Type of Traders’ Effect on Risk and Return: The Case of Egyptian Stock Exchange


  •  Aly Mohamed Dawood    
  •  Khairy El-Giziry    

Abstract

This research paper aims to estimate the effect of investor categories (Foreigners, Arab, Egyptian institutions and individuals) trading volume, value and number of transactions on capital market returns and volatility.  

We depend on data Foreigners, Arabian and Egyptian trading volume, values and number of transaction of buying and selling for institutions and individuals and capital market values for the period from January 1st 2009 to December 31 2013.

We used descriptive statistics to identify normal distribution of data. Then, performing lead lag structure approach to obtain the optimum lag for the independent variable which has the maximum correlation with the dependent variable. Next, Garch model utilized to estimate the effect of trading volume, value, number of transactions on capital market return and volatility. Finally, the same model utilized to estimate the effect of investor categories on capital market return and volatility for the six periods starting from January 1st 2009 to December 31 2013 which represents the whole period and five yearly periods for the same period.
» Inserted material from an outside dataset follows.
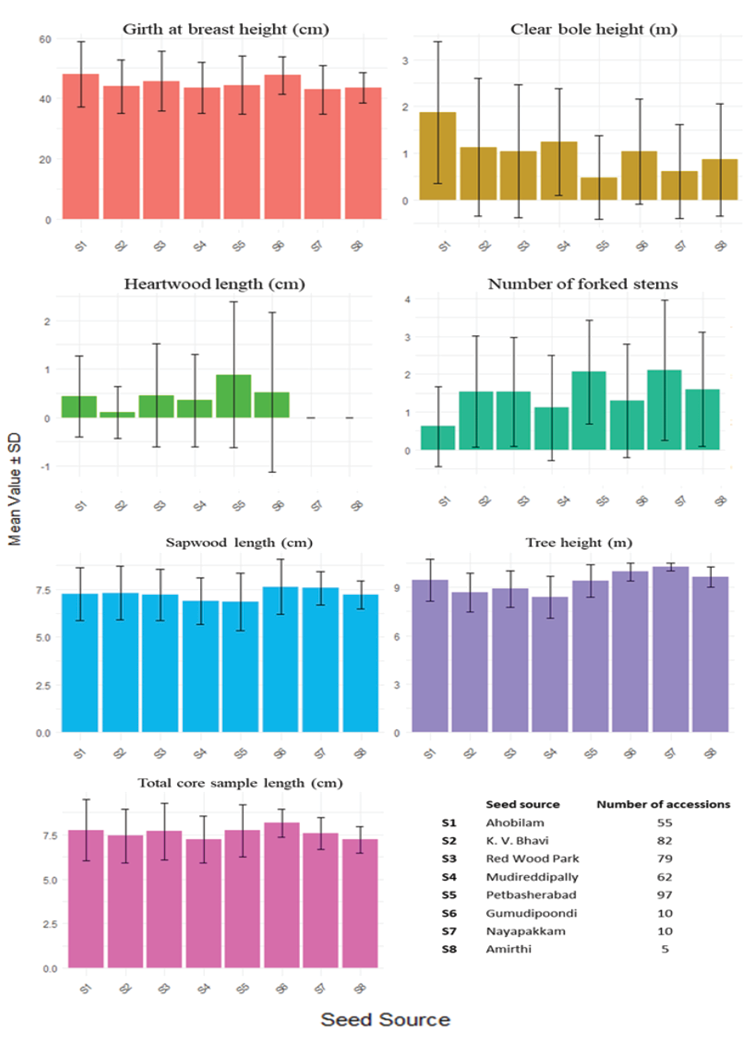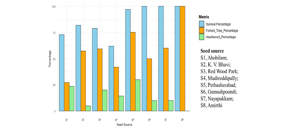 The significant differences in survival rates and growth traits among seed sources underscore the influence of genetic and environmental factors. Superior survival rates in seed sources such as Gumudipoondi, Nayapakam and Amirthi (100% survival) indicate their adaptability to environmental conditions. Conversely, the lower survival rates observed in Madireddipally (62%) warrant further investigation. The superior performance of accessions from Amirthi (tree height of 10.24m) and Petbasheerabad (high heartwood formation and survival rates) highlights their potential as elite seed sources for plantation programmes.

We found that institutions are the main source of volatility in the Egyptian stock market. Garch models showed weak effect on volatility for all periods. In the light of this study Foreigners and trading value items are the main source of effect on volatility. Finally, consistent with Chou (1988), the findings of GARCH model indicated that volatility persistence is less than unity which revealed that the Egyptian stock market could absorb shocks across time.